If downstream automation depends on table values, compare Markdown against the original document before automated extraction.

3) FAST PDF + VLM fallback

Try FAST first, then automatically switch to VLM if FAST identifies non-machine-readable content.

Good default when PDF quality is mixed.
Balances speed and robustness.

Quick Start

Open the app.
In Settings, make sure runtime is healthy and model paths are set.
Click File, Add PDFs / Images.
Tick files in the Documents sidebar.
Select a conversion mode.
Click Convert Selected.

Output files are written next to the source document:

filenameFAST.md
filenameVLM.md

Viewing and Navigation

Left pane: original PDF/image.
Right pane: Markdown preview/edit.
Find, Prev/Next Hit, and page controls are above the workspace.
View zoom affects both panes together.

Runtime and Model Location

Default Engine runtime path:

Windows: C:\Users\<user>\AppData\Roaming\OpenResearchTools\PDF Markdown Studio\Engine
macOS: ~/Library/Application Support/OpenResearchTools/PDF Markdown Studio/Engine
Linux: ~/.local/share/OpenResearchTools/PDF Markdown Studio/Engine

Default app settings/data path:

Windows config/data: C:\Users\<user>\AppData\Roaming\OpenResearchTools\PDF Markdown Studio
macOS config/data: ~/Library/Application Support/OpenResearchTools/PDF Markdown Studio
Linux config: ~/.config/OpenResearchTools/PDF Markdown Studio
Linux data: ~/.local/share/OpenResearchTools/PDF Markdown Studio

Shared VLM model folder:

Windows: C:\Users\<user>\AppData\Roaming\OpenResearchTools\models
macOS: ~/Library/Application Support/OpenResearchTools/models
Linux: ~/.local/share/OpenResearchTools/models

Each selected Qwen3.5 family downloads into its own shared repo folder under that global models root, including the required MMProj file for the chosen family.

GPU / CPU Execution

CPU mode: run without GPU acceleration.
GPU mode: select one GPU in settings.
The app sends one selected GPU for VLM execution paths through Engine runtime.

Troubleshooting

Unsigned Build Notice

This app is an open-source hobby development effort by the repository owner. We do not currently have funding for full paid code-signing and notarization pipelines across all platforms/releases.

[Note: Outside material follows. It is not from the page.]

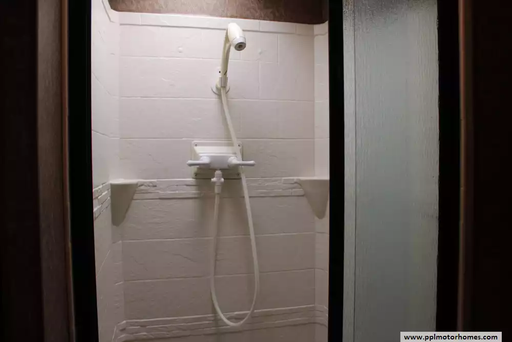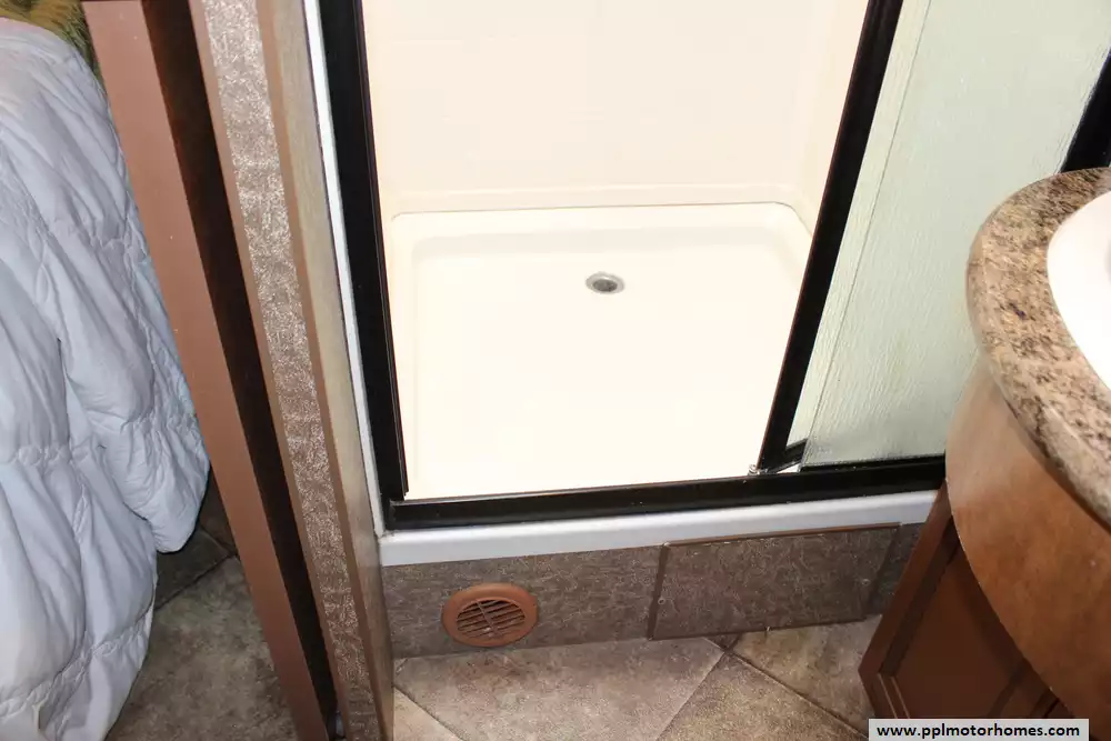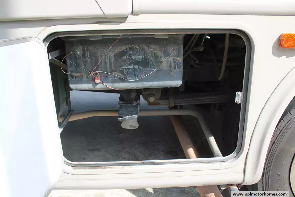 Specs: Length: 35.42 ft.,Width: 8.25 ft., Height: 11.92 ft.,Interior Height: 6.83 ft, Fuel Capacity: 80 gal.,Total Fresh Water Tank Capacity: 50 gal.,Total Gray Water Tank Capacity: 44 gal.,Total Black Water Tank Capacity: 75 gal.,Total Number of Propane Tanks: 1.,Total Propane Tank Capacity: 88 lbs.

Because of that, operating-system protections or hardened security environments (for example Windows SmartScreen, enterprise endpoint controls, or macOS Gatekeeper policies) may block unsigned binaries.

If your environment blocks unsigned binaries, the recommended path is:

build this desktop app from source on the target device,
build Openresearchtools-Engine from source on the same target device,
and use those locally-built artifacts in your deployment.

Windows (when blocked)

If SmartScreen shows "Windows protected your PC", use More info -> Run anyway only if your policy allows it.
In the app, go to Settings -> Runtime Setup and run:
- Download/Repair runtime
- Unblock unsigned runtime
- Recheck
The Windows unblock script clears Mark-of-the-Web flags in the selected runtime directory by running Unblock-File recursively on runtime files.

macOS (when blocked)

Try Right click -> Open on first launch.
If blocked by Gatekeeper, use System Settings -> Privacy & Security -> Open Anyway when available and policy permits.
In the app, after runtime install/repair, click Unblock unsigned runtime then Recheck.
The macOS unblock script removes quarantine attributes recursively (xattr -dr com.apple.quarantine) and restores executable bits for runtime binaries/scripts where needed (chmod +x on relevant files).

If conversion fails or setup is incomplete

Open Settings.
Use runtime health/check and download/repair actions.
Confirm model and MMProj paths exist.
Check Jobs and logs for the exact error.

If adding many files feels slow

Wait for background imports to finish before converting.
Large PDFs can take time to rasterize and preview.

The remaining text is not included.